→ **DATASET RECORDS**
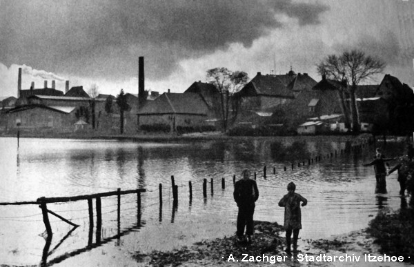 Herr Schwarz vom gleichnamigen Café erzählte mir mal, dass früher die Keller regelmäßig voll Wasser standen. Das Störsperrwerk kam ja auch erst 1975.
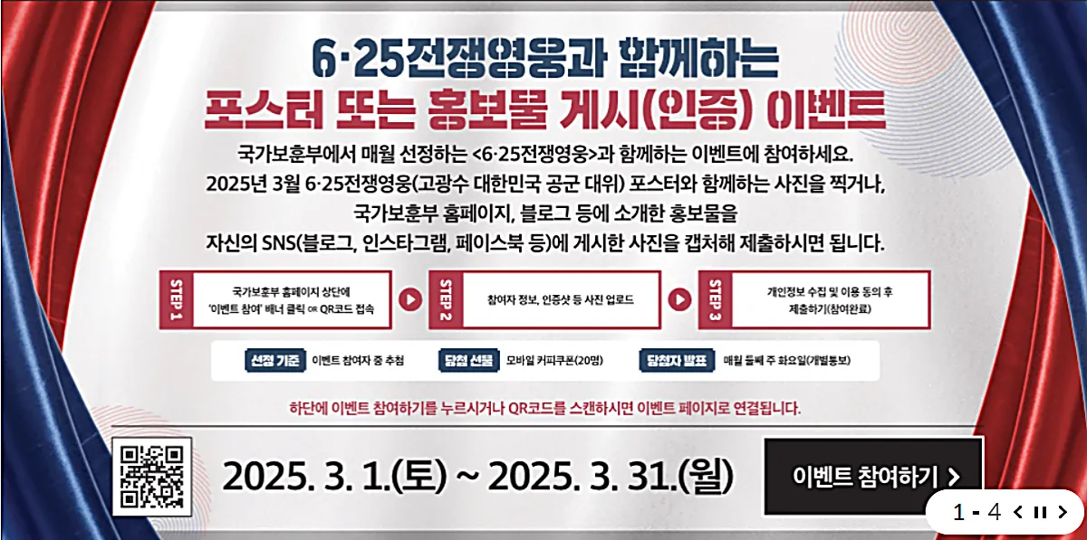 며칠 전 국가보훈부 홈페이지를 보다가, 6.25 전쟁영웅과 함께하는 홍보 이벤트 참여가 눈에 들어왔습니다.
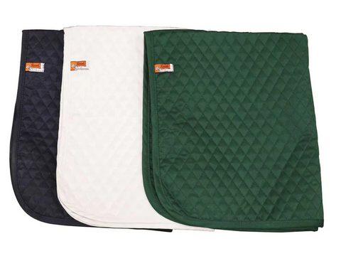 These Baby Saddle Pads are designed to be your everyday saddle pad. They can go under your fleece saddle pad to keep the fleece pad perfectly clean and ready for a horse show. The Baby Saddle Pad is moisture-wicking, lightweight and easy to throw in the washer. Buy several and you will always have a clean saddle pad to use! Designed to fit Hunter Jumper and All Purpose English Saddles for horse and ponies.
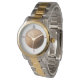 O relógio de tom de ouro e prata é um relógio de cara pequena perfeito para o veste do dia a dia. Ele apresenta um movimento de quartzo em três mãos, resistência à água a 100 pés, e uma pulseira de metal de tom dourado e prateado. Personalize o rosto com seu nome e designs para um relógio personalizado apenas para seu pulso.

---

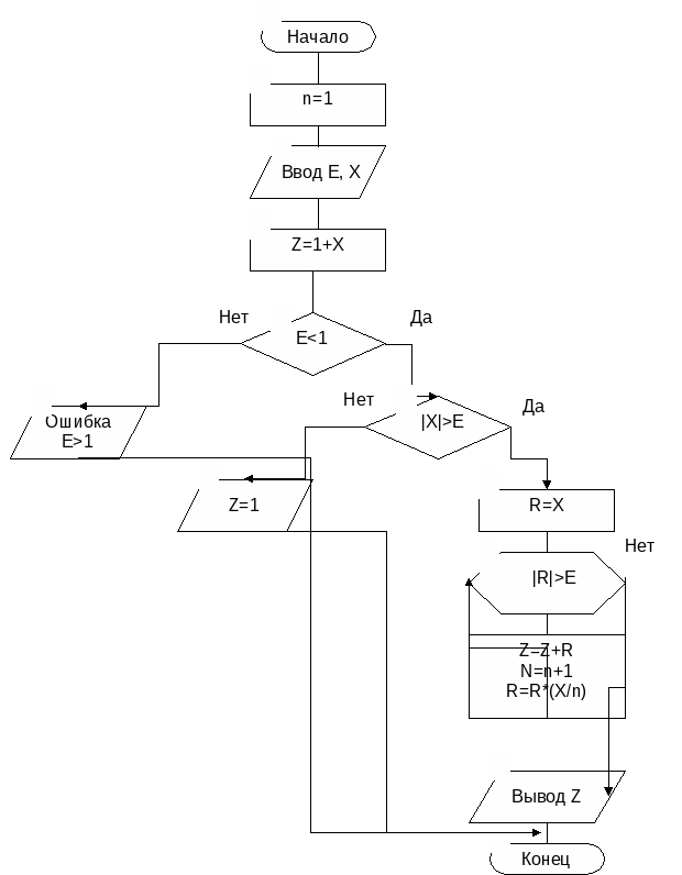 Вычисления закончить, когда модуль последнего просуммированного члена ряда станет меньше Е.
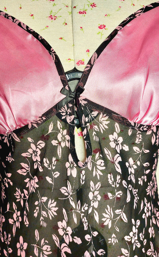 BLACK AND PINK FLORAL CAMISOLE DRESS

→ **WHAT NEEDS TO BE DONE**
What is wanted is an exact copy of the lines above from the one containing "Вычисления закончить, когда" through the one containing "BLACK AND PINK FLORAL CAMISOLE DRESS", with no pictures in it.

→ **ANSWER TO THE EXERCISE**
 Вычисления закончить, когда модуль последнего просуммированного члена ряда станет меньше Е.
 BLACK AND PINK FLORAL CAMISOLE DRESS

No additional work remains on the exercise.